Note that the result is returned as a Promise object, and in 2016 some browsers may need a pollyfill to support Promises.

The individual displays get their own ID. In addition, the active VR display can be read as activeVRDisplays,

Among the things returned by VR Display is a list of the current capabilities for the VR headset.

interface VRDisplayCapabilities {
  readonly attribute boolean hasPosition;
  readonly attribute boolean hasOrientation;
  readonly attribute boolean hasExternalDisplay;
  readonly attribute boolean canPresent;
  readonly attribute unsigned long maxLayers;
};

The actual scenes are presented in a VRLayer, which gets its bits from an HTML5 canvas, onscreen or offscreen. The display can read a sub-region of a larger <canvas> element.

dictionary VRLayer { VRSource? source = null; sequence<float>? leftBounds = null; sequence<float>? rightBounds = null; };
Some versions of Firefox have an older version of the API, which returns VRDevices instead of VRDisplays. This is deprecated.

Eye Field of View

The field of view for each eye is defined by the following object:

interface VRFieldOfView {
  readonly attribute double upDegrees;
  readonly attribute double rightDegrees;
  readonly attribute double downDegrees;
  readonly attribute double leftDegrees;
};

The WebVR Spec also describes features of rendering per-eye stereo images:

interface VREyeParameters {
  [Constant, Cached] readonly attribute Float32Array offset;
  [Constant, Cached] readonly attribute VRFieldOfView fieldOfView;
  [Constant, Cached] readonly attribute unsigned long renderWidth;
  [Constant, Cached] readonly attribute unsigned long renderHeight;
};

Here, renderWidth and renderHeight refer to the viewport. Rendering can define either two viewports, or one viewport with both stereo images.

 

Sensors and Environment

Sensor data is represented in the VRPose object, which provides information on the state of a given sensor. Sensors are organized on the following 3D coordinates, and assume a sitting position as default.

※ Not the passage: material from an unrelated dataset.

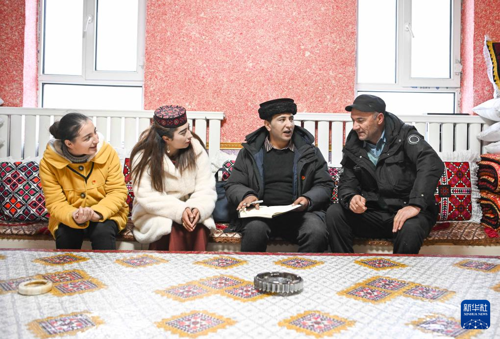 在新疆喀什地區塔什庫爾干塔吉克自治縣瓦恰鄉夏布孜喀拉村,多來提曼·開米克(右二)在牧家樂經營主帕爾吾尼克·吾地那(右一)家中調研,聽取他對鄉村旅游發展的意見建議(2025年1月3日攝)。

  • Positive X is to the user’s right.
  • Positive Y is up.
  • Positive Z is behind the user.

The kinds of input supported are:

interface VRPose {
  readonly attribute DOMHighResTimeStamp timestamp;

  readonly attribute Float32Array? position;
  readonly attribute Float32Array? linearVelocity;
  readonly attribute Float32Array? linearAcceleration;

  readonly attribute Float32Array? orientation;
  readonly attribute Float32Array? angularVelocity;
  readonly attribute Float32Array? angularAcceleration;
};

A Timestamp lets you know how often the given sensor is being updated.

 

The VR Environment

If room-scale VR is supported, the object will also return information about the play area, or stage.

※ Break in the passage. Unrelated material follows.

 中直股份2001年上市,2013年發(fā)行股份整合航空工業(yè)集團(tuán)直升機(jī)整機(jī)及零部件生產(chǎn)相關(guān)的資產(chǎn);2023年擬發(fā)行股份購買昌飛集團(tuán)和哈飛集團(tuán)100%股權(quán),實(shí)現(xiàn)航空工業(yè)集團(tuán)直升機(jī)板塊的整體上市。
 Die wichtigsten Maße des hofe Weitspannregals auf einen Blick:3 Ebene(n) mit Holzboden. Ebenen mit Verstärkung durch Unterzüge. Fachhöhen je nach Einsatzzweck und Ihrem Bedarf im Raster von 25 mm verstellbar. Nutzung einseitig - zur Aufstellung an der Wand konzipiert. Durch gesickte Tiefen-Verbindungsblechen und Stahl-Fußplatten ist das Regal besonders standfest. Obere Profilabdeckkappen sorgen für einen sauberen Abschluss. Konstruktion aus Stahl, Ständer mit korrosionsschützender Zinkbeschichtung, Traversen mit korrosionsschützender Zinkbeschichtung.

interface VRStageParameters {
  readonly attribute Float32Array sittingToStandingTransform;

  readonly attribute float sizeX;
  readonly attribute float sizeZ;
};

WebVR assumes a default “sitting” coordinate system. This can be converted to “standing” coordinates via VRStageParameters.sittingToStandingTransform converts this to standing space.

 

Rendering

The VR system uses the .requestAnimationFrame() interface to send content to the headset. However, since the VR headset might refresh its screen at a different rate than the computer it is plugged into, you can’t assume that it will run like standard requestAnimationFrame.

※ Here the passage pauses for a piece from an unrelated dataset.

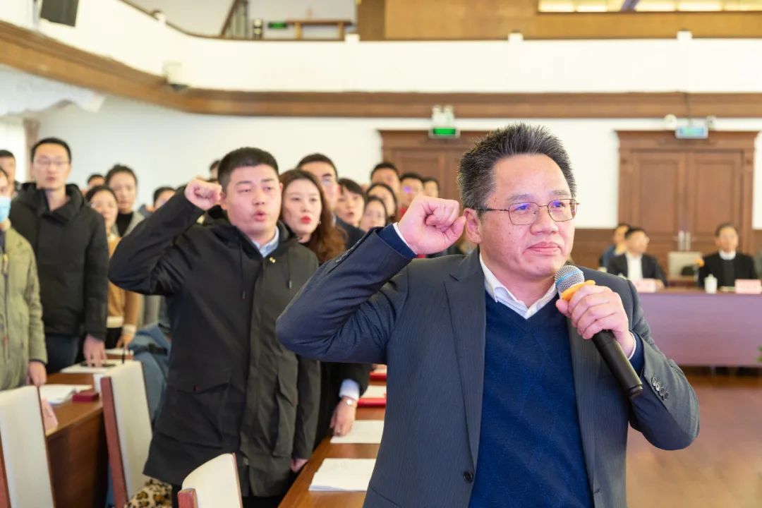 杨忠孝带领新进教师宣誓,全体新进教师起立,庄严宣誓。

VR headsets typically use fisheye-type lenses, which distort a flat image into a wraparound view in the user’s eye. To compensate for pixel stretching, the headset typically creates a complimentary distorted image, often with “barrel distortion” being used. Since multiple pixels may be needed to represent one pixel stretched in distortion, the HTML5 canvas will often be larger than the apparent image. The required increase in HTML5 canvas size can be computed by:

var leftEye = vrDisplay.getEyeParameters("left");
var rightEye = vrDisplay.getEyeParameters("right");

canvas.width = Math.max(leftEye.renderWidth, rightEye.renderWidth) * 2;
canvas.height = Math.max(leftEye.renderHeight, rightEye.renderHeight);

Utility

Right now, the 1.0 version of WebVR is not “native” in any browser. However, there is a good polyfill for experimentation called WebVR-Boilerplate. Here’s the GitHub site:

https://github.com/borismus/webvr-boilerplate

The final WebVR API will allow you to take any element on the page, and make it fullscreen. The polyfill has to approximate this feature, and at the present does not work well for <canvas> tags embedded within a standard web page. The best environment is one where the <canvas> is attached to document.body in JavaScript, and fills the entire page.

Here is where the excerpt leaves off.